**Data shown**
○ ○ ○
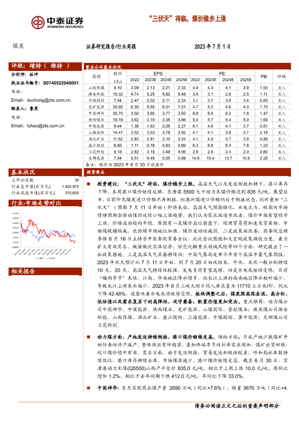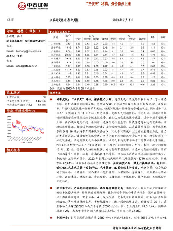 【中泰证券】【20230701】20230701-中泰证券-煤炭行业周报:“三伏天”将临,煤价稳步上涨-27页
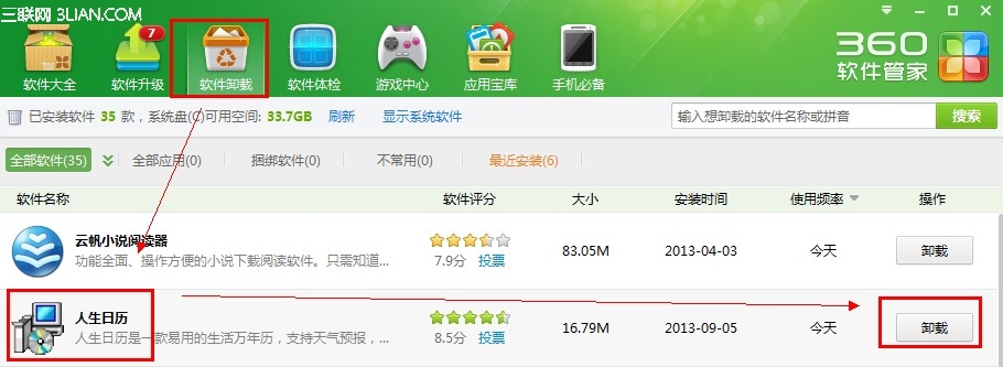 以上就是健康玫瑰最近收集整理的关于使用360软件管家来卸载人生日历的全部内容,更多相关使用360软件管家来卸载人生日历内容请搜索靠谱客的其他文章。
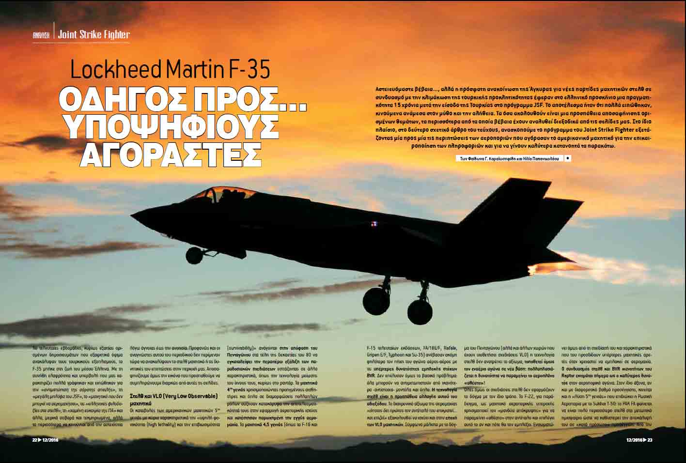 Αστειευόμαστε βέβαια…, αλλά η πρόσφατη ανακοίνωση της Άγκυρας για νέες παρτίδες μαχητικών στελθ σε συνδυασμό με την κλιμάκωση της τουρκικής προκλητικότητας έφεραν στο ελληνικό προσκήνιο μια πραγματικότητα 15 χρόνια μετά την είσοδο της Τουρκίας στο πρόγραμμα JSF. Οι Έλληνες ανακάλυψαν το F-35 και το γεγονός ότι σύντομα θα αποτελεί την αιχμή της τουρκικής επιθετικότητας. Βέβαια στη συνέχεια πολλά ειπώθηκαν, κινούμενα ανάμεσα στον μύθο και την αλήθεια (αλλά και πολλές ανοησίες που συνεχίζουν να αναμασώνται από διάφορες πλευρές). Το άρθρο μας είναι μια προσπάθεια αποσαφήνισης ορισμένων κρίσιμων θεμάτων που αφορούν το αμερικανικό μαχητικό 5ης γενιάς, που αν και πολλές φορές έχουν επιμέρους αναλυθεί από τις σελίδες μας, εντούτοις δεν έχουν πλήρως κατανοηθεί στο γενικότερο πλαίσιο που συνθέτουν. Φυσικά δεν δίνουμε… οδηγίες αγοράς του Lightning II αλλά όμως πάντα θέλουμε να δώσουμε τροφή για προβληματισμό. Στο τεύχος μας που κυκλοφορεί (Π&Δ Νο 367, Δεκέμβριος 2016)
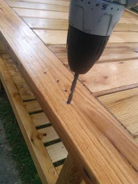 Las patas de la mesa y las bisagras se unen a las tapas de tabla utilizando las tuercas en T de 1/4". Después de taladrar y avellanar los agujeros para las piernas, apliqué algunas epoxi JB Weld y condujo las tuercas en T en las piernas con un pequeño martillo.
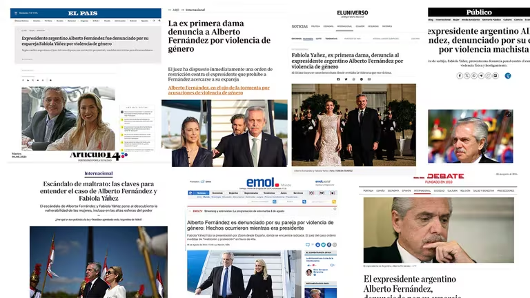 “El expresidente argentino Alberto Fernández, denunciado por su expareja por violencia machista”, fue el titular de Público, de España. Dentro de la nota, se indica que “consultado por EFE sobre la denuncia, el político peronista se limitó a comentar que ‘es un momento muy ingrato’ y que, por el momento, no hará declaraciones en los medios”. En el país ibérico, El Debate se pronunció de una manera muy similar.
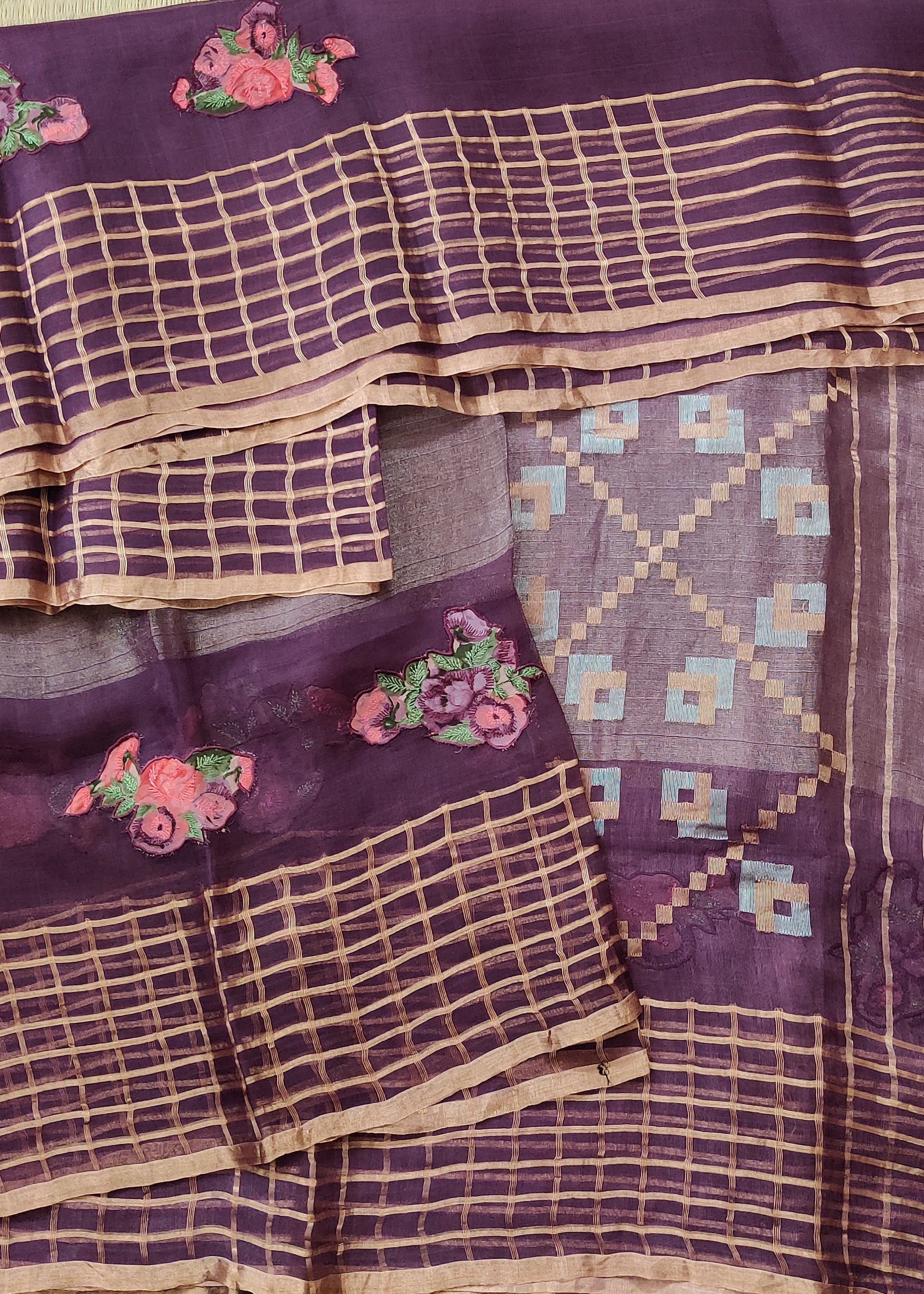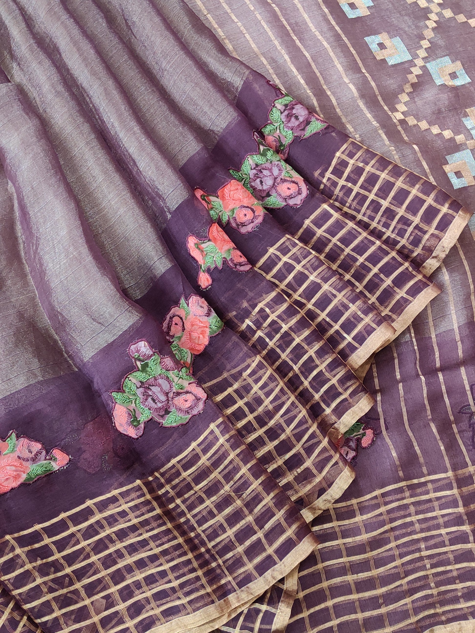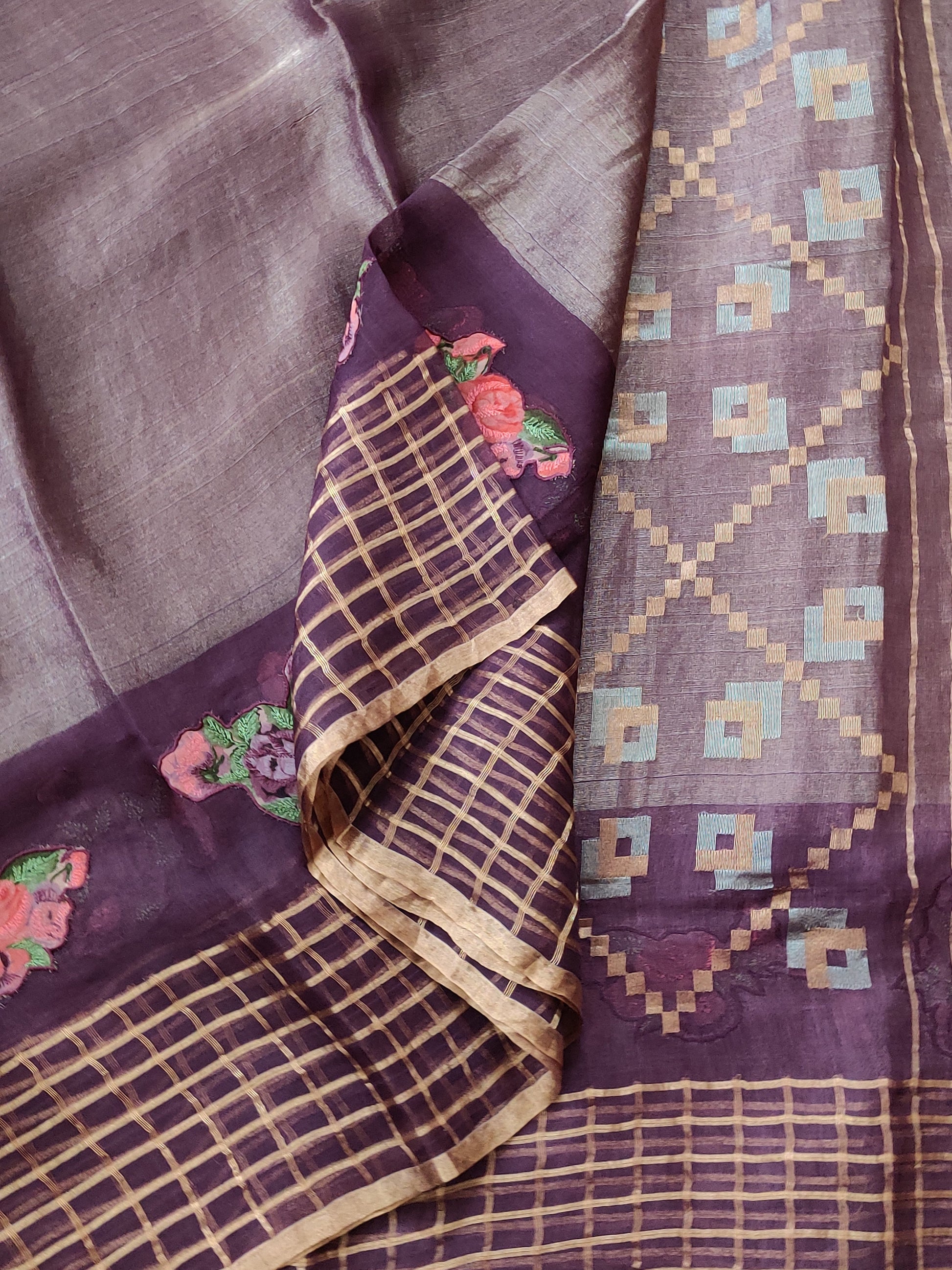 This RESHAM SILK saree features a beautiful brown colour with intricate zari body and elegant jamdani weaving in the pallu and border checks, showcasing tested zari work. The saree comes with a matching noil blouse, offering a classy and timeless look. Perfect for those seeking traditional yet sophisticated style.
○ ○ ○
**Exercise aim**
A word-for-word copy of the listing is needed, with no pictures in it.

**Answer section**
 【中泰证券】【20230701】20230701-中泰证券-煤炭行业周报:“三伏天”将临,煤价稳步上涨-27页
 以上就是健康玫瑰最近收集整理的关于使用360软件管家来卸载人生日历的全部内容,更多相关使用360软件管家来卸载人生日历内容请搜索靠谱客的其他文章。
 Αστειευόμαστε βέβαια…, αλλά η πρόσφατη ανακοίνωση της Άγκυρας για νέες παρτίδες μαχητικών στελθ σε συνδυασμό με την κλιμάκωση της τουρκικής προκλητικότητας έφεραν στο ελληνικό προσκήνιο μια πραγματικότητα 15 χρόνια μετά την είσοδο της Τουρκίας στο πρόγραμμα JSF. Οι Έλληνες ανακάλυψαν το F-35 και το γεγονός ότι σύντομα θα αποτελεί την αιχμή της τουρκικής επιθετικότητας. Βέβαια στη συνέχεια πολλά ειπώθηκαν, κινούμενα ανάμεσα στον μύθο και την αλήθεια (αλλά και πολλές ανοησίες που συνεχίζουν να αναμασώνται από διάφορες πλευρές). Το άρθρο μας είναι μια προσπάθεια αποσαφήνισης ορισμένων κρίσιμων θεμάτων που αφορούν το αμερικανικό μαχητικό 5ης γενιάς, που αν και πολλές φορές έχουν επιμέρους αναλυθεί από τις σελίδες μας, εντούτοις δεν έχουν πλήρως κατανοηθεί στο γενικότερο πλαίσιο που συνθέτουν. Φυσικά δεν δίνουμε… οδηγίες αγοράς του Lightning II αλλά όμως πάντα θέλουμε να δώσουμε τροφή για προβληματισμό. Στο τεύχος μας που κυκλοφορεί (Π&Δ Νο 367, Δεκέμβριος 2016)
 Las patas de la mesa y las bisagras se unen a las tapas de tabla utilizando las tuercas en T de 1/4". Después de taladrar y avellanar los agujeros para las piernas, apliqué algunas epoxi JB Weld y condujo las tuercas en T en las piernas con un pequeño martillo.
 “El expresidente argentino Alberto Fernández, denunciado por su expareja por violencia machista”, fue el titular de Público, de España. Dentro de la nota, se indica que “consultado por EFE sobre la denuncia, el político peronista se limitó a comentar que ‘es un momento muy ingrato’ y que, por el momento, no hará declaraciones en los medios”. En el país ibérico, El Debate se pronunció de una manera muy similar.
 This RESHAM SILK saree features a beautiful brown colour with intricate zari body and elegant jamdani weaving in the pallu and border checks, showcasing tested zari work. The saree comes with a matching noil blouse, offering a classy and timeless look. Perfect for those seeking traditional yet sophisticated style.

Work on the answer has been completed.